Root Mean Squared Error (RMSE): RMSE is the square root of the MSE. It provides a measure of the average magnitude of the residuals. Like MSE, a lower RMSE indicates better model performance.

Mean Absolute Error (MAE): MAE measures the average absolute difference between the predicted and actual values. It provides a more interpretable metric as it represents the average magnitude of the residuals. Lower MAE indicates better model performance.

R-squared (R^2) Score: R-squared is a statistical measure that represents the proportion of the variance in the dependent variable (target) that is predictable from the independent variables (features). It ranges from 0 to 1, where a higher value indicates a better fit. However, R-squared alone does not account for the complexity of the model.

Adjusted R-squared: Adjusted R-squared is an adjusted version of the R-squared metric that considers the number of predictors in the model. It penalizes the addition of unnecessary predictors, helping to prevent overfitting.

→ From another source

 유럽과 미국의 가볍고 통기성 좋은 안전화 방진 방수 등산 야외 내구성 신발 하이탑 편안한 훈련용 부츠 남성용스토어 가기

Mean Percentage Error (MPE): MPE calculates the average percentage difference between the predicted and actual values. It provides insights into the direction and magnitude of the errors.

Mean Absolute Percentage Error (MAPE): MAPE calculates the average percentage difference between the predicted and actual values, considering the absolute value of the errors. It is a commonly used metric for evaluating forecasting models.

Residual Analysis: In addition to the above metrics, analyzing the residuals (the differences between predicted and actual values) is essential to understand the model's performance. Visualizing the residuals through scatter plots, histograms, or Q-Q plots can reveal patterns, heteroscedasticity, or other issues.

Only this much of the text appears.